Perre, 61, is charged with murder and attempted murder in relation to the bombing which claimed the life of Detective Sergeant Geoffrey Bowen and injured lawyer Peter Wallis.
He appeared before Adelaide Magistrates Court by video link on Monday where defence counsel asked for subpoenas to be issued seeking information from the correctional services department and police.
Arguing in support of his applications, Gilbert Aitken said the subpoena for the department related to evidence from seven people who had alleged Perre made admissions about the bombing to them.
But he said the "conga-line of informants" were all "motivated by self-interest and were unconstrained by morality".
"They are as likely as unlikely to tell the truth depending on where their self-interest lies," Mr Aitken said.
He said access to the material was "fundamental" to Perre's right to a fair trial and that some of the informants had "absolutely no connection to the accused".
Mr Aitken pointed to issues with other cases where jailhouse informants were involved, including those associated with the Lawyer X scandal in Victoria.
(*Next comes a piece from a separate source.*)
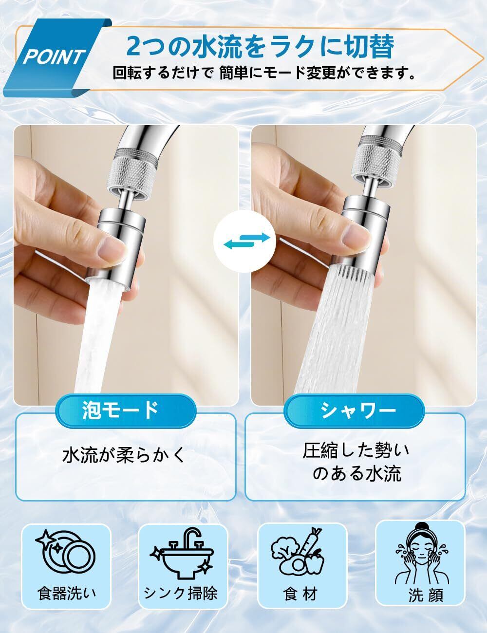 蛇口シャワー キッチン蛇口シャワー 首振【第2世代】ヘッド キッチン シャワー 節水 泡沫器 首振り 先端 スパウト 蛇口シャワーヘッド 泡沫器 水栓 交換 キッチン シンク掃除 台所 浴室 洗面室 トイレにも適用可能-蛇口エアレーターズル

The court also heard on Monday two of the seven informants had since died.
Magistrate Greg Fisher said he had no issue with the application for information from police but questioned the value and scope of the request to the department.
He said seeking all the department's files in relation to specific individuals, including some going back decades, could include totally irrelevant material.
He will rule on whether to allow that subpoena on a date to be fixed.
Perre was arrested last year following a joint investigation, lasting more than two years, by a number of state and federal authorities including the Australian Criminal Intelligence Commission.
He had been charged shortly after the bombing but the charges were later withdrawn.
The NCA bombing has been one of South Australia's highest-profile cases, with a $1 million reward offered in 2008 for information leading to the conviction of the person or people responsible.
Perre is yet to enter pleas to the charges and remains in custody.